Détruite par les Romains, Carthage va aussi renaître de ses cendres grâce aux Romains, qui en font leur capitale de la province d’Afrique. Anéantie par les Vandales, rebâtie par les Byzantins, pillée par de nouveaux envahisseurs, l’ancienne cité offre des ruines et des vestiges dispersés sur plusieurs centaines d’hectares. De plus, en raison de la proximité de Tunis, la capitale, Carthage s’est couverte d’habitations à partir de la deuxième moitié du vingtième siècle.

GeoGuide assure que la construction de piscines, caves et garages a provoqué plus de dégâts « que les destructions romaines, vandales et arabes en deux mille ans d’histoire ». C’est d’ailleurs pour bloquer cette spéculation immobilière anarchique qu’un décret est pris en octobre 1985 afin de créer sur 400 hectares le Parc archéologique national de Carthage-Sidi Bou Saïd. Un territoire non constructible.

Ali Baba et 40 voleurs

Plusieurs campagnes internationales de fouilles, dirigées par l’Unesco, se développent entre 1972 et 1992. L’idée est de créer autour des monuments et des vestiges, une vaste zone verte, avec des pins, des oliviers, des figuiers de Barbarie, des eucalyptus afin d’attirer les touristes, mais aussi les Tunisiens. Arrivé au pouvoir en 1987, le président Ben Ali paraît, au départ, convaincu de l’intérêt de ce Parc. Il tient plusieurs conseils ministériels restreints sur ce projet.

« Mais petit à petit, comme Ali Baba et les 40 voleurs, lui et sa famille se sont rendus compte des immenses profits qu’ils pouvaient réaliser en mettant la main sur tous ces hectares de verdure au milieu des vestiges millénaires », commente Olfa Belhassine.

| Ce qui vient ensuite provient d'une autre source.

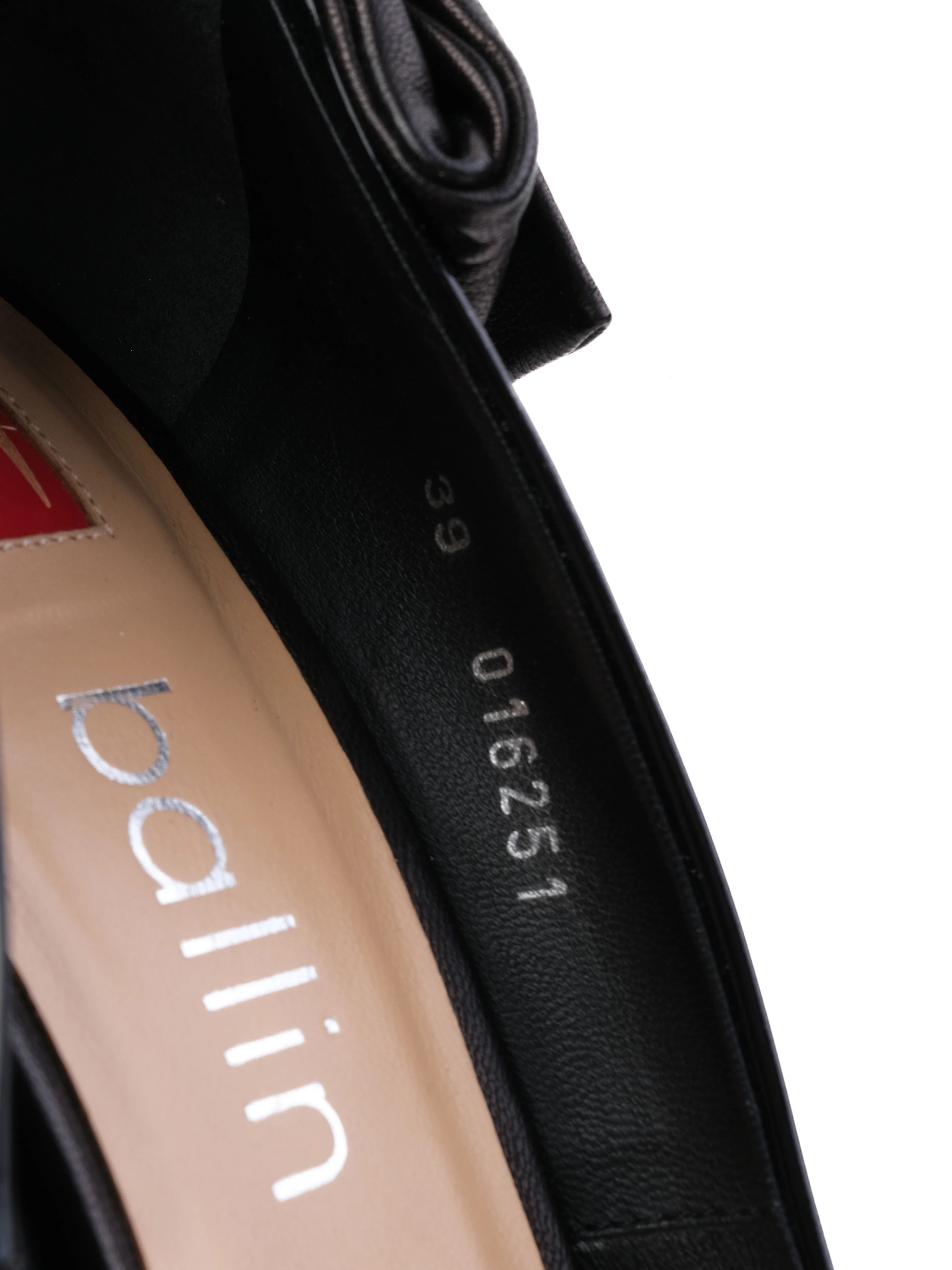 Perfect Ballin Black Leather High-Heeled Shoes Size 39 with Bow

« Les opérations foncières dans la zone de Carthage-Sidi Bou Saïd sont devenues le domaine réservé de l’ex-chef d’Etat (…) J’ai reçu une injonction du Président à travers un de ses proches collaborateurs me demandant de préparer les décrets de déclassement des terrains », reconnaît Mohamed El Aziz Ben Achour, l’ancien ministre de la Culture et de la Sauvegarde du patrimoine. Sakhr El Matri, le gendre de Ben Ali, et Belhassen Trabelsi, son beau-frère, font ainsi main basse sur 12 hectares et demi pour une bouchée de pain.

Nouvelle campagne de fouilles

Ensuite, chaque mètre carré construit sera proposé à plus de 1 300 euros. Une somme considérable en Tunisie. Depuis la « révolution » du 14 janvier dernier, l’une des premières décisions du gouvernement provisoire a été d’annuler les décrets de déclassement. Parallèlement, des archéologues du monde entier réclament une nouvelle campagne de fouilles.

(*) Olfa Belhassine a consacré deux grands reportages à ce scandale, intitulés « Silence, on spécule ! » (20 février 2011) et « Et si on reprenait les fouilles ? » (21 février).